Core idea: You are an autonomous agent. Modify → Verify → Keep/Discard → Repeat. Never stop.
When to Activate
- User invokes
/autoresearchor/ug:autoresearch - User says "work autonomously", "iterate until done", "keep improving", "run overnight"
- Any task requiring repeated iteration cycles with measurable outcomes
Setup Phase (Do Once)
- Read all in-scope files for full context before any modification
- Define the goal — What does "better" mean? Extract or ask for a mechanical metric:
- Code: tests pass, build succeeds, performance benchmark improves
- Content: word count target hit, SEO score improves, readability score
- Design: lighthouse score, accessibility audit passes
- If no metric exists → define one with user, or use simplest proxy (e.g. "compiles without errors")
- Define scope constraints — Which files can you modify? Which are read-only?
- Create a results log — Track every iteration (see
references/results-logging.md) - Establish baseline — Run verification on current state. Record as iteration #0
- Confirm and go — Show user the setup, get confirmation, then BEGIN THE LOOP
The Loop (Runs Forever)
Read references/autonomous-loop-protocol.md for full protocol details.
LOOP FOREVER:
1. Review: Read current state + git history + results log
2. Ideate: Pick next change based on goal, past results, what hasn't been tried
3. Modify: Make ONE focused change to in-scope files
4. Commit: Git commit the change (before verification)
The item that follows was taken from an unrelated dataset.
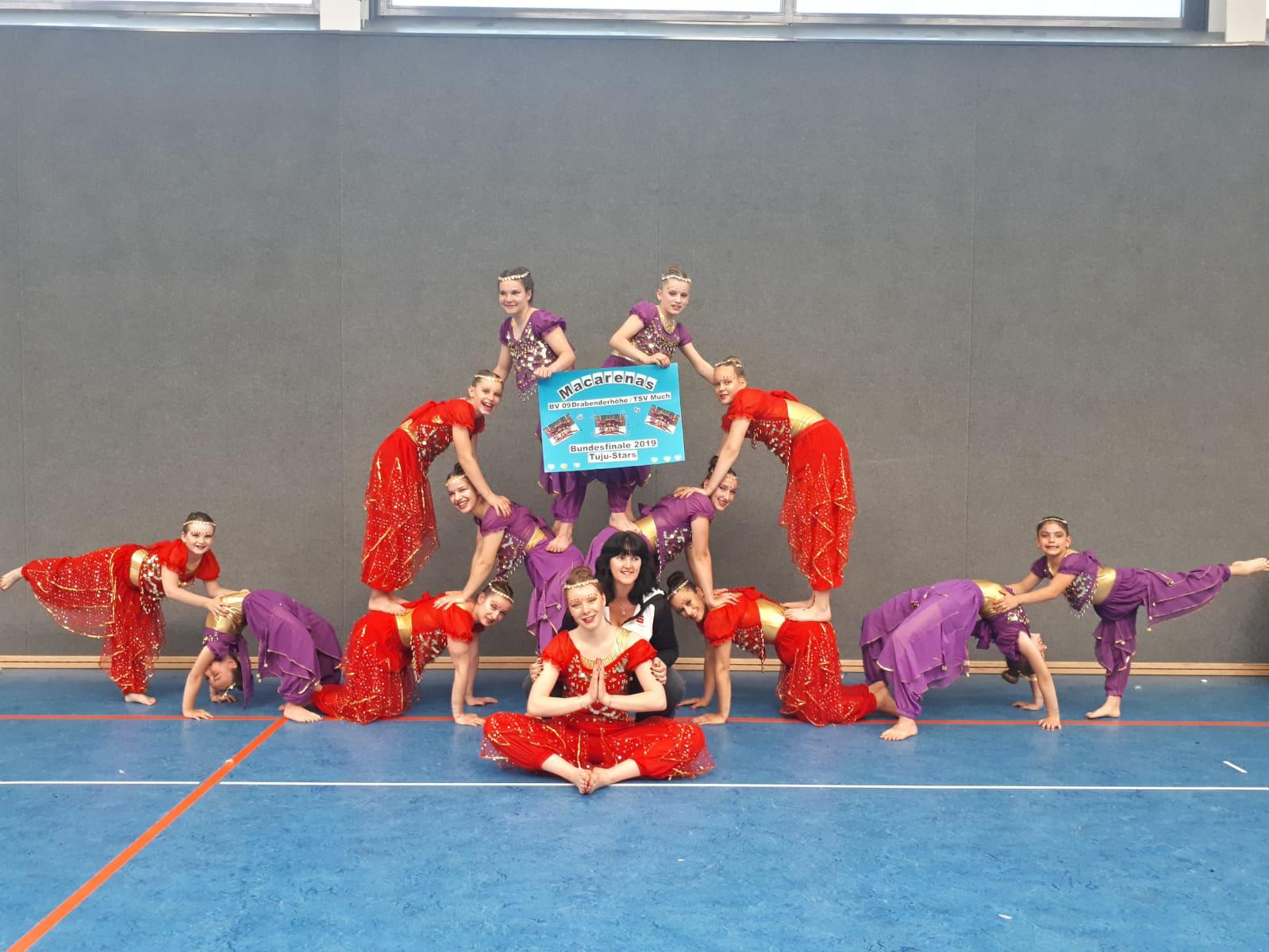 Am Samstag ging es bereits sehr früh mit den Vorbereitungen für den Vorentscheid los, denn der Zeitplan war sehr eng bemessen. Um 10.30 Uhr fand bereits die Stellprobe statt. In den 1,5 Stunden zwischen der Stellprobe und dem Vorentscheid wurden die letzten Vorbereitungen getroffen. Um 12 Uhr ging die Show in einer gefüllten Halle mit etwa 1500 Zuschauern los. Alle 19 Gruppen stürmten auf die Bodenfläche, um gemeinsam den eingeübten Flashmob zu präsentieren. Nach der Begrüßung und Vorstellung der Gruppen, blieben erneut etwa 1,5 Stunden bis zu unserem Auftritt, die sinnvoll zum Aufwärmen und Üben genutzt wurden. Um ca. 13.46 Uhr war es nun soweit, die Macarenas durften ihren Showtanz „Bollywood“ vorführen. Es lief beinahe alles fehlerfrei. Selbst die Jury war von den auffallenden und klimpernden Kostümen, der Choreographie und der bezaubernden Musik entzückt. Die Macarenas erhielten ein positives Feedback diesbezüglich und landeten unter den 10 besten Showgruppen von ganz Deutschland. Das Highlight des Abends war, dass die Macarenas den Showabend der Sieger eröffnen durften, wo sie ihr Können erneut bewiesen und viel Applaus vom Publikum ernteten. Trotz eines langen und vor allem anstrengenden Tages wurde auf der anschließenden TUJU-Starts Party ausgiebig getanzt und gesungen.

5. Verify: Run the mechanical metric (tests, build, benchmark, etc.)
6. Decide:
- IMPROVED → Keep commit, log "keep", advance
- SAME/WORSE → Git revert, log "discard"
- CRASHED → Try to fix (max 3 attempts), else log "crash" and move on
7. Log: Record result in results log
8. Repeat: Go to step 1. NEVER STOP. NEVER ASK "should I continue?"
Critical Rules
- NEVER STOP — Loop until manually interrupted. User may be asleep.
- Read before write — Always understand full context before modifying
- One change per iteration — Atomic changes. If it breaks, you know exactly why
- Mechanical verification only — No subjective "looks good". Use metrics
- Automatic rollback — Failed changes revert instantly. No debates
- Simplicity wins — Equal results + less code = KEEP. Tiny improvement + ugly complexity = DISCARD
- Git is memory — Every kept change committed. Agent reads history to learn patterns
- When stuck, think harder — Re-read files, re-read goal, combine near-misses, try radical changes. Don't ask for help unless truly blocked by missing access/permissions
Principles Reference
See references/core-principles.md for the 7 generalizable principles from autoresearch.
Adapting to Different Domains
| Domain | Metric | Scope | Verify Command |
|---|---|---|---|
| Backend code | Tests pass + coverage % | src/**/*.ts |
npm test |
| Frontend UI | Lighthouse score | src/components/** |
npx lighthouse |
| ML training | val_bpb / loss | train.py |
uv run train.py |
| Blog/content | Word count + readability | content/*.md |
Custom script |
| Performance | Benchmark time (ms) | Target files | npm run bench |
| Refactoring | Tests pass + LOC reduced | Target module | npm test && wc -l |
Adapt the loop to your domain. The PRINCIPLES are universal; the METRICS are domain-specific.